Contenu pratique des archives : l’article conserve un aperçu historique des outils à main et des procédures domestiques de l’époque, mais ne constitue pas une instruction de sécurité, une formation professionnelle ou une recommandation de travailler sur des installations et des éléments portables. Avant le travail, vous devez identifier le matériel, les installations cachées, la charge et les équipements de protection nécessaires, inspecter l’outil et sécuriser la pièce. Les travaux d’électricité, de gaz, de plomberie, de chauffage et de structure doivent être confiés à des personnes qualifiées lorsqu’il existe un risque de choc électrique, d’incendie, d’explosion, de fuite, d’inondation ou de perte de capacité de charge.
Savo Kusić se concentre aujourd’hui sur les fenêtres en bois, fenêtres en bois-aluminium, fenêtres personnalisées, portes et demandes de devis. Cet article reste une archive historique et ne constitue pas une offre de vente d’outils, de réparations domiciliaires ou de travaux d’installation.
Outils de base
Marteaux
Le marteau a d’innombrables utilisations : marteler et riveter des clous, finir à coups légers (menuiserie, mécanique), frapper d’autres outils (burins, poinçons, fraises), etc. Il est souhaitable d’avoir au moins deux marteaux ordinaires de poids différents, l’un de cent grammes et l’autre de trois cents grammes. Si nous cassons souvent des coffres, des tiroirs, des caisses, pour lesquels peu importe s’ils seront endommagés, un marteau de charpentier nous servira mieux. Son nez est aplati et fendu en V, ce qui lui permet d’être soulevé sous la tête du clou pour un retrait relativement facile, en utilisant le manche du marteau comme levier. D’ailleurs, dans les magasins, on peut trouver de nombreux types de marteaux : certains sont destinés à des travaux spécialisés (menuisier, verrier, mécanicien, tapissier, électricien, chaudronnier, marteau de menuiserie), et d’autres sont si complexes qu’ils ne sont presque jamais utilisés pour des travaux habituellement effectués dans la maison et ne sont utilisés que par des artisans et autres professionnels.
Outil d’impact : utilisez un marteau du type et de la masse appropriés, avec une tête et un manche en bon état, des lunettes de sécurité et une position stable. Ne frappez pas un outil durci ou endommagé qui n’est pas conçu pour frapper et n’utilisez pas de marteau comme levier si le fabricant de l’outil ne le permet pas.
Tournevis
Nous avons besoin de deux séries de tournevis de tailles graduées, au moins trois de chaque type : pour retirer les vis à tête lisse et à tête cruciforme. Aujourd’hui, ce dernier type de vis est de plus en plus utilisé, notamment pour les électroménagers et les automobiles. On peut également dévisser des vis de ce type avec un tournevis ordinaire de dimensions appropriées, mais cela est assez dangereux et il est facile d’endommager soit le tournevis, soit la vis. Les tournevis cruciformes (initialement appelés Phillips) seront disponibles partout et à petit prix.

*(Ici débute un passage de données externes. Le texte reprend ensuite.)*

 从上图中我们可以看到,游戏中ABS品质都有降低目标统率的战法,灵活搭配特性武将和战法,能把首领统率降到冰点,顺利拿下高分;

Lors de l’achat d’un tournevis, ainsi que de tout autre outil, il ne vaut pas la peine d’économiser sur la qualité : un tournevis médiocre ou faible se déforme, se tronque et se fissure rapidement, et le manche lui-même peut se casser. Nous devons choisir des tournevis de qualité, de taille appropriée, avec un manche dur (pour les tournevis plus gros, un manche en bois est toujours préférable). Dans l’ensemble, il faut choisir un outil classique, solide et qui tient bien en main. Le manche d’un tournevis, comme tout autre outil, revêt une grande importance lors de son utilisation. Si les paumes d’une personne transpirent beaucoup, elle doit éviter les outils avec des poignées en métal ou en plastique, car la moindre sueur rend les poignées glissantes. Que ce n’est pas anodin, on verra facilement s’il faut dévisser une vis plus serrée.

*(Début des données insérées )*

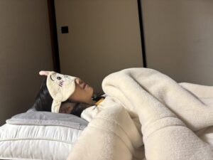お父さんが出かけてからわずか1分後、お母さんは予想外の光景を目にします。なんと、娘さんは先ほどまでの様子とは打って変わって、アイマスクをつけて眠っていたのでした。

Marteaux et tournevis à usages divers.
Burins
Un ciseau plat et simple, tout en acier, utile pour écailler les tiroirs et les coffres, pour enlever la peinture ou la résine des entailles sur les têtes de vis plus grosses, et pour écailler les têtes de vis cuites qui autrement ne pourraient pas être dévissées. Souvent, pour cette opération, nous utilisons des tournevis que nous frappons avec un marteau, ce qui est complètement faux, car cela entraîne des dommages permanents soit au manche, soit à la pointe même du tournevis.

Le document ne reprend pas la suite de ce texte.